Research in industry may take several roles, and each of the roles require different kind of organization and type of leaders.

Role one: Research as the "smart arm" of the enterprise: In this case, the research activities are part of the daily (tactical and operational) business of the organization. Research people are going to pre-sale meetings, doing PoCs for customers, providing services to customers, and help product organizations in getting new features to products, typically in cases where knowledge and skills that they possess are needed. The research organization in this case is geared towards the short-term impact on the organization, and is measured by its tangible impact. In this case the research leadership should be geared towards good knowledge of the enterprise business and also well connected internally, to trace opportunities for getting more traction for business; the research is being funded by the business units according to its contribution, and the research leaders should be able to smoothly be able to switch jobs with any other leader in the organization, as organizational business and networking is the main qualification.

Role two: Research as the "scientific arm" of the enterprise: In this case, the research activities are geared to advance science and to research areas that are geared towards impact on the knowledge in the universe, and on long term directions of the enterprise.
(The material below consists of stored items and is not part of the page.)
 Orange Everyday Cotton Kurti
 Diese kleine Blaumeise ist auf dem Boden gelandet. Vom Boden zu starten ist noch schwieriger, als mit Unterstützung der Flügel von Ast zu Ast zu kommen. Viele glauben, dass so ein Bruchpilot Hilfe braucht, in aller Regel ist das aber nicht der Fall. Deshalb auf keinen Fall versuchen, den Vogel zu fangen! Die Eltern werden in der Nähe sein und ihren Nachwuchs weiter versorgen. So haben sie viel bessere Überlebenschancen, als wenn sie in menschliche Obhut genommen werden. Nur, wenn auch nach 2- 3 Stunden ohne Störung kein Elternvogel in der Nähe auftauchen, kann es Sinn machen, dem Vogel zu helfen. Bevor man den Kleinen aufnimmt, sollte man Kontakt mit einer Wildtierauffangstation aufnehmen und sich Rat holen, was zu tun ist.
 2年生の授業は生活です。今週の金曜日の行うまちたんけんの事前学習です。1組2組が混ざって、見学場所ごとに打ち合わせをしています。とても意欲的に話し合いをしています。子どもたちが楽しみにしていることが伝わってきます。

One of the questions is what is the tangible benefit of the enterprise from this type of research has been investigated recently to view what is the $value on the brand image, as a function of the reputation of research done there, this is also reported in the IBM Zurich Lab Director Blog. In this case the evaluation can be according to research quality metrics common in the academic world, as well as the impact of the research on corporate. In IBM Research the relational database is often mentioned as the most influential research projects both on the science and on IBM business. Funding can come from the enterprise as well as from external and government oriented research grants, similar to academic research funding. In this case the research leaders should be able to switch jobs with Deans of relevant faculties in top universities, or head of independent research institutes, as good familiarity with the research community and ability to lead scientific work, and good acquaintance with the research grant business.
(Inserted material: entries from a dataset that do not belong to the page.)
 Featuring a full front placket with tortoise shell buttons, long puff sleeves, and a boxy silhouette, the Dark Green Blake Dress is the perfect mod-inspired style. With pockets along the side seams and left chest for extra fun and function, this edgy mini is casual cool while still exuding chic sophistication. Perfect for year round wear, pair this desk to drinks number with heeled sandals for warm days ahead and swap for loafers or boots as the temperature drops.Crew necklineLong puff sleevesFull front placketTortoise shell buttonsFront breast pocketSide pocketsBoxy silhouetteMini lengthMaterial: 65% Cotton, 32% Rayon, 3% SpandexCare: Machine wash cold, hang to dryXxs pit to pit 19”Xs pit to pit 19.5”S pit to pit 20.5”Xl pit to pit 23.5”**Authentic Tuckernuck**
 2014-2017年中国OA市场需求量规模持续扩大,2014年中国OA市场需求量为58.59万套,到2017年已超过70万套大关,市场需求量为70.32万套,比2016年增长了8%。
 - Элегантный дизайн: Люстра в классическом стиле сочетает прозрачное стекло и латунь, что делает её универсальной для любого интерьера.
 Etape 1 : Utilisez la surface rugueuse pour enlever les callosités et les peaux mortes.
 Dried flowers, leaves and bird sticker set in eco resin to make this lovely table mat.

Role three: Research as the "incubation arm" of the enterprise; In this case, the research activities should be constructed as a collection of start-ups inside the enterprise. Each of them gets some seed money and gets to its way, having the ability to sell and gain customers, in some cases even get external funding as partners. As in any incubator, some of the start-ups may fail, some of them may exit, and develop spin-offs out of the enterprise, and some of them grow inside the enterprise and become business units, in a similar model to the model of acquisition of other start-ups; this is an interesting model that typically enterprises don't really know how to apply, but there were examples of technologies, companies, and business units within the same enterprises that were originated in such start-ups. This also distribute the leadership, since each such start-up requires a leader with intrapreneurship abilities. The funding model is of start-ups where the enterprise is acting as VC, and the overall leaders should be able to switch jobs with VC executives, and they also need to create an atmosphere that leverages the enterprise resources where it helps, and masks the enterprise when it interrupts; The leader of each individual start-up leaders should be able to switch jobs with external start-up leaders (though inside start-up also requires some internal political skills).

Current research organizations try to have a mix of all these, the main issue is the diversity of leadership skills and how work should be organized which is different in each of them vs. the tendency of organizations to have homogeneity both in the organization type and in type of leaders.